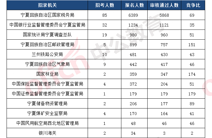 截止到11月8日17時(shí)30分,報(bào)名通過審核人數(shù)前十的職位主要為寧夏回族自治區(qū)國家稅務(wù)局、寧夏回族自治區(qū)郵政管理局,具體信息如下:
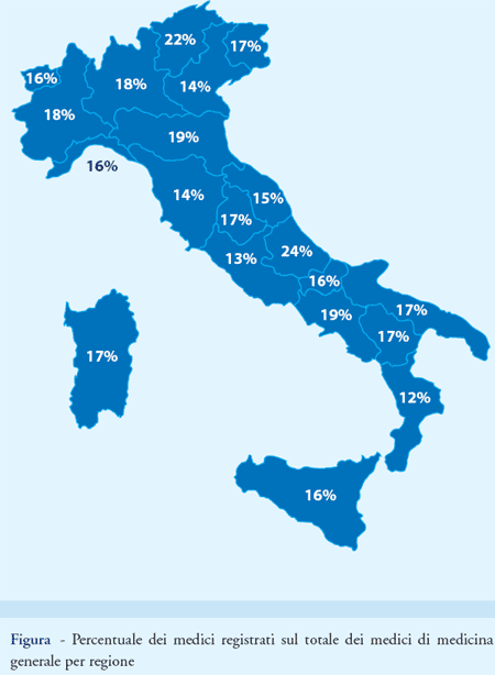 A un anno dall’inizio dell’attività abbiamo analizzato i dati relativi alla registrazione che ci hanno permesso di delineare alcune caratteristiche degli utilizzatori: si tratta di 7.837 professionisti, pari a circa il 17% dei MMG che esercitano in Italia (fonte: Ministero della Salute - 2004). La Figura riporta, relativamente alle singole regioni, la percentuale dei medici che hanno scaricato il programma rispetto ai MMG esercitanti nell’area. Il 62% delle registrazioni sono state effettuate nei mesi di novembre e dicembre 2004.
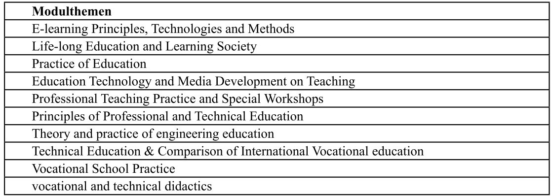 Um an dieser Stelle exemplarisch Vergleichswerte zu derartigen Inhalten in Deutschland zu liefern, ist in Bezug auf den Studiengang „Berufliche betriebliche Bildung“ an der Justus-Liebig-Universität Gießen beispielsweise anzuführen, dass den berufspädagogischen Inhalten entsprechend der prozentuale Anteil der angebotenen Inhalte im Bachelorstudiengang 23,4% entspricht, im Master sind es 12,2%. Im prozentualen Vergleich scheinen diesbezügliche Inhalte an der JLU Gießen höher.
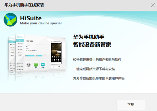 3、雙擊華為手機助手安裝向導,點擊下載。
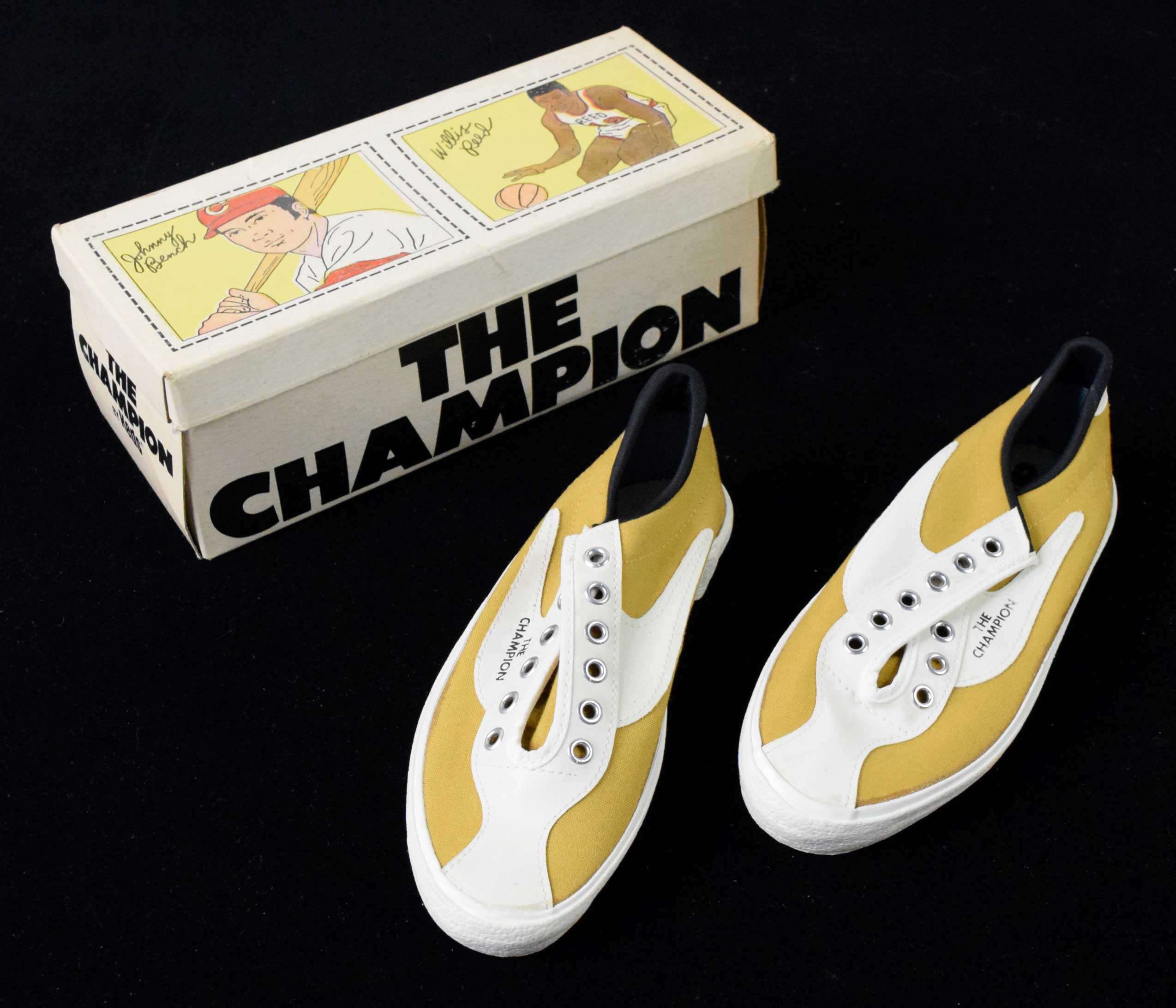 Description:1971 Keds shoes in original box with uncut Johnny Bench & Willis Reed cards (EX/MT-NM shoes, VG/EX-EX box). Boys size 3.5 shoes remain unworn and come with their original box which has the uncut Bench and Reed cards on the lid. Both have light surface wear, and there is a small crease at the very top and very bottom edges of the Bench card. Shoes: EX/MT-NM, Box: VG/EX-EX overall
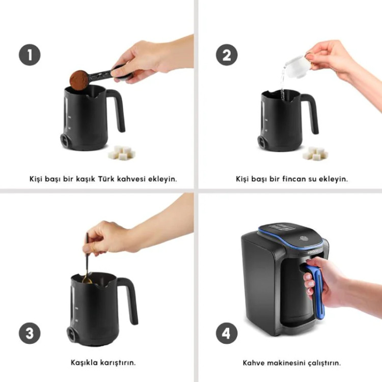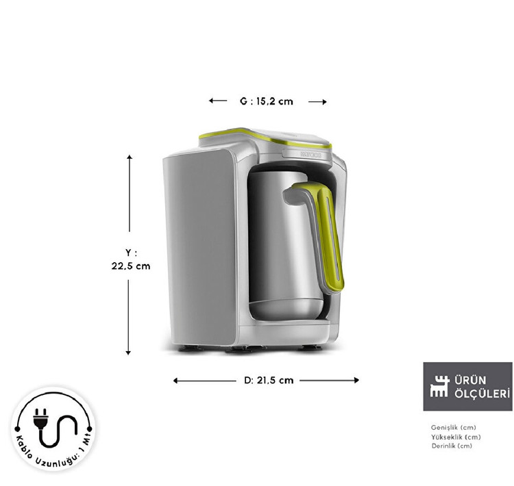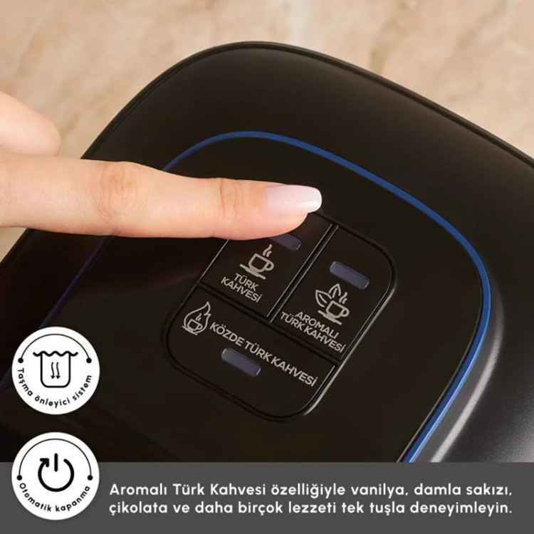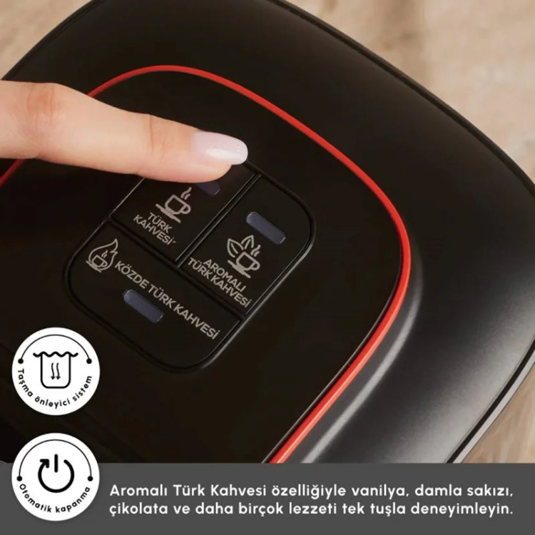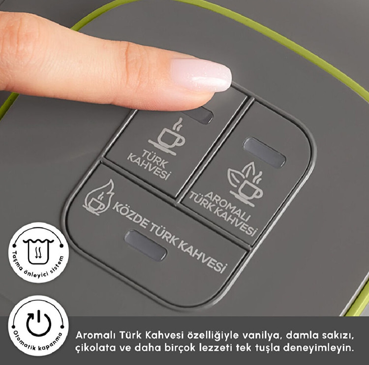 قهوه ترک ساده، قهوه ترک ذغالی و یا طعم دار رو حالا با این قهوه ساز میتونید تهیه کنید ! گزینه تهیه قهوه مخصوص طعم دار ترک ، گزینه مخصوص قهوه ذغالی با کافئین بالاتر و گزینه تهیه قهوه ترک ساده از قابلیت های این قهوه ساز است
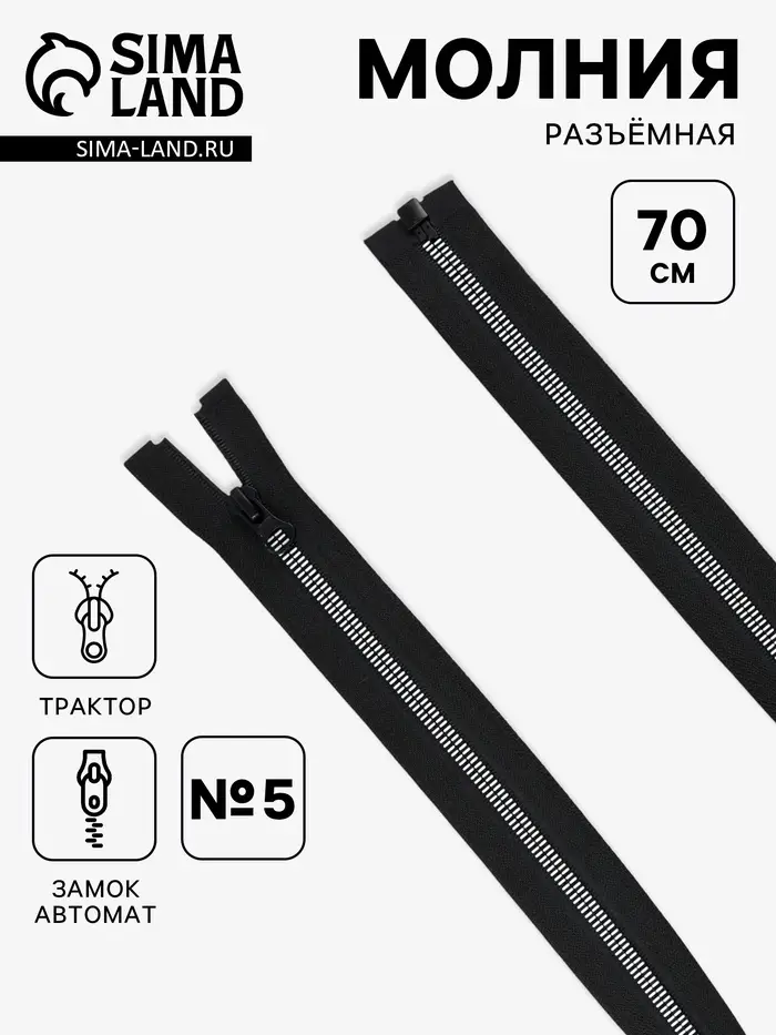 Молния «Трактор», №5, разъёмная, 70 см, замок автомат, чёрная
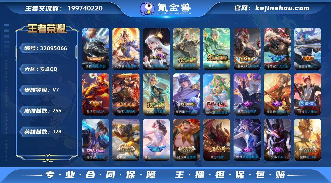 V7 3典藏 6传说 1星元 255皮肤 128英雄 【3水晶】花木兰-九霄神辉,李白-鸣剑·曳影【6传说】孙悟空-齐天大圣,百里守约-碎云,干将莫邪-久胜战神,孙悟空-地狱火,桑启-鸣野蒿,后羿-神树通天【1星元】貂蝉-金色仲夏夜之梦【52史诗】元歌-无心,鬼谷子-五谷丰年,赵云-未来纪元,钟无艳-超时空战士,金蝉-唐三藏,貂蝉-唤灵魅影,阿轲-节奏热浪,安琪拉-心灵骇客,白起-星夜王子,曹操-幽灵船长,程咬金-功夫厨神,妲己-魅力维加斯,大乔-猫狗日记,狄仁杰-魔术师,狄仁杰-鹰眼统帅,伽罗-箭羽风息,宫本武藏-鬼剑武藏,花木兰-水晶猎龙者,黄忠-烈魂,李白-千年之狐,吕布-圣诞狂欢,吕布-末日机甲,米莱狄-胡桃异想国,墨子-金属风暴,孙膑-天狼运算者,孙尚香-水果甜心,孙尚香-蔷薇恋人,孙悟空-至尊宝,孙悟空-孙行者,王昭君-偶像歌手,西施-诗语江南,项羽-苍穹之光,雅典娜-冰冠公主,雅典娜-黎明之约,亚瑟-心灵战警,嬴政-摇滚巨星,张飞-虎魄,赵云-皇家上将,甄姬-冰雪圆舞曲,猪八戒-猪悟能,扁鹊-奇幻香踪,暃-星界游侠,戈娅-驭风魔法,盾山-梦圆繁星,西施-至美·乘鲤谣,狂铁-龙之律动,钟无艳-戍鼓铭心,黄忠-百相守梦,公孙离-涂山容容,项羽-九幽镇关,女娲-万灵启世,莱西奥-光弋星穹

REQUIREMENT
Copy word for word the lines above, starting at the line containing "3、雙擊華為手機助手安裝向導,點擊下載。" and ending at the line containing "замок автомат, чёрная", inclusive, with no pictures.

THE COMPLETED TASK
 3、雙擊華為手機助手安裝向導,點擊下載。
 Description:1971 Keds shoes in original box with uncut Johnny Bench & Willis Reed cards (EX/MT-NM shoes, VG/EX-EX box). Boys size 3.5 shoes remain unworn and come with their original box which has the uncut Bench and Reed cards on the lid. Both have light surface wear, and there is a small crease at the very top and very bottom edges of the Bench card. Shoes: EX/MT-NM, Box: VG/EX-EX overall
 قهوه ترک ساده، قهوه ترک ذغالی و یا طعم دار رو حالا با این قهوه ساز میتونید تهیه کنید ! گزینه تهیه قهوه مخصوص طعم دار ترک ، گزینه مخصوص قهوه ذغالی با کافئین بالاتر و گزینه تهیه قهوه ترک ساده از قابلیت های این قهوه ساز است
 Молния «Трактор», №5, разъёмная, 70 см, замок автомат, чёрная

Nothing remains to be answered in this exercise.